■ Your task
Beginning at the line containing "Goodbye~ 再见~ |", repeat each line below exactly up to and including the line containing "۵۵٫۷ | ۴۴٫۳ | |". Do not repeat the pictures.

■ Material for this task
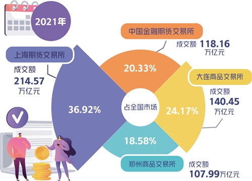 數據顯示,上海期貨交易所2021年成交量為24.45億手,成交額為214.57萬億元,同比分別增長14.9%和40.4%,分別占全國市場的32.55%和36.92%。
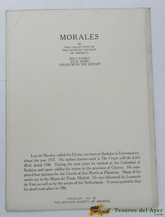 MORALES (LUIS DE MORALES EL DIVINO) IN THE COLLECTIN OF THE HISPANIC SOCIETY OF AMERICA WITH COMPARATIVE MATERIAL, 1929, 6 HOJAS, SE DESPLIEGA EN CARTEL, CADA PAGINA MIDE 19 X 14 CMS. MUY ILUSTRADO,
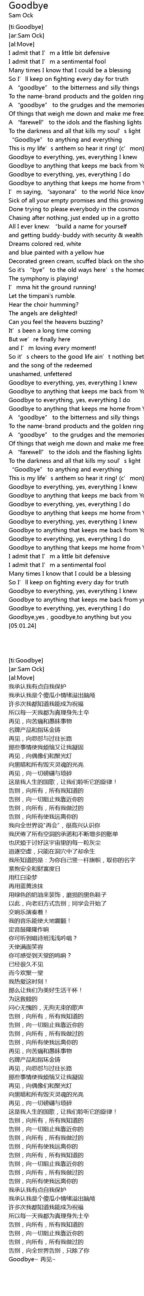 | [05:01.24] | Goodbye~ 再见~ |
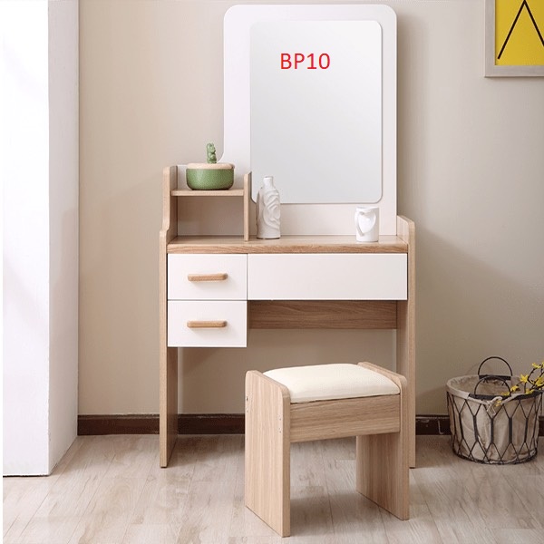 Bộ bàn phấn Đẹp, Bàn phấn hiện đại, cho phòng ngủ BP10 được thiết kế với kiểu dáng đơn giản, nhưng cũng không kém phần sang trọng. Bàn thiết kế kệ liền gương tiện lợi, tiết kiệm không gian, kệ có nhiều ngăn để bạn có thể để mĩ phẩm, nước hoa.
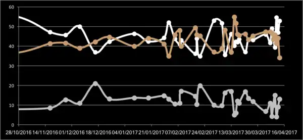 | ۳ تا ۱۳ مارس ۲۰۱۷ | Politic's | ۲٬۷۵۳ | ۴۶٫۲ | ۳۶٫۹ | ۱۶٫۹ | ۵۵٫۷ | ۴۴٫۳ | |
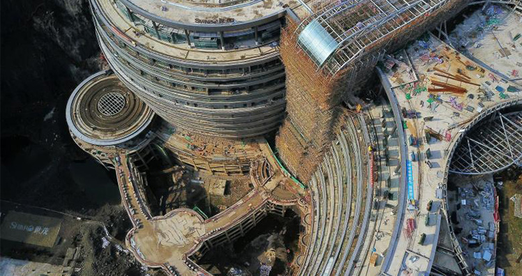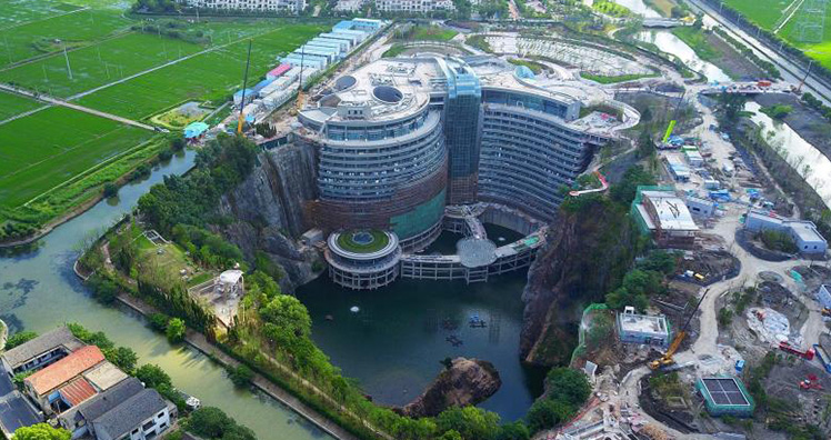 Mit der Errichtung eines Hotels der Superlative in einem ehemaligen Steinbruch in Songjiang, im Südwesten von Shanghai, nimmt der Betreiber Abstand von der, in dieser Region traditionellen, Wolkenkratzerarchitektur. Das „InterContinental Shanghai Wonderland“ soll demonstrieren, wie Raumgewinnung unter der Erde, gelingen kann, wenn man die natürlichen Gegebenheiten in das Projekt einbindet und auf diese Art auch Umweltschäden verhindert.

--

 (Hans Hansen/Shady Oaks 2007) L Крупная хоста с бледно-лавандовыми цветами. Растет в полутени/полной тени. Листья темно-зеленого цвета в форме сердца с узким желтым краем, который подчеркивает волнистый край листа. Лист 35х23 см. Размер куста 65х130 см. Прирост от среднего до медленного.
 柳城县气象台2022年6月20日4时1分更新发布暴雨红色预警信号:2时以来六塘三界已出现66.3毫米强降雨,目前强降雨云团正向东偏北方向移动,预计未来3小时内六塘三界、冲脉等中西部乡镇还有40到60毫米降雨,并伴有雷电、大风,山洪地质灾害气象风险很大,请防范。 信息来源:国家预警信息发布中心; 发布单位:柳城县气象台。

■ Output for this task
 | [05:01.24] | Goodbye~ 再见~ |
 Bộ bàn phấn Đẹp, Bàn phấn hiện đại, cho phòng ngủ BP10 được thiết kế với kiểu dáng đơn giản, nhưng cũng không kém phần sang trọng. Bàn thiết kế kệ liền gương tiện lợi, tiết kiệm không gian, kệ có nhiều ngăn để bạn có thể để mĩ phẩm, nước hoa.
 | ۳ تا ۱۳ مارس ۲۰۱۷ | Politic's | ۲٬۷۵۳ | ۴۶٫۲ | ۳۶٫۹ | ۱۶٫۹ | ۵۵٫۷ | ۴۴٫۳ | |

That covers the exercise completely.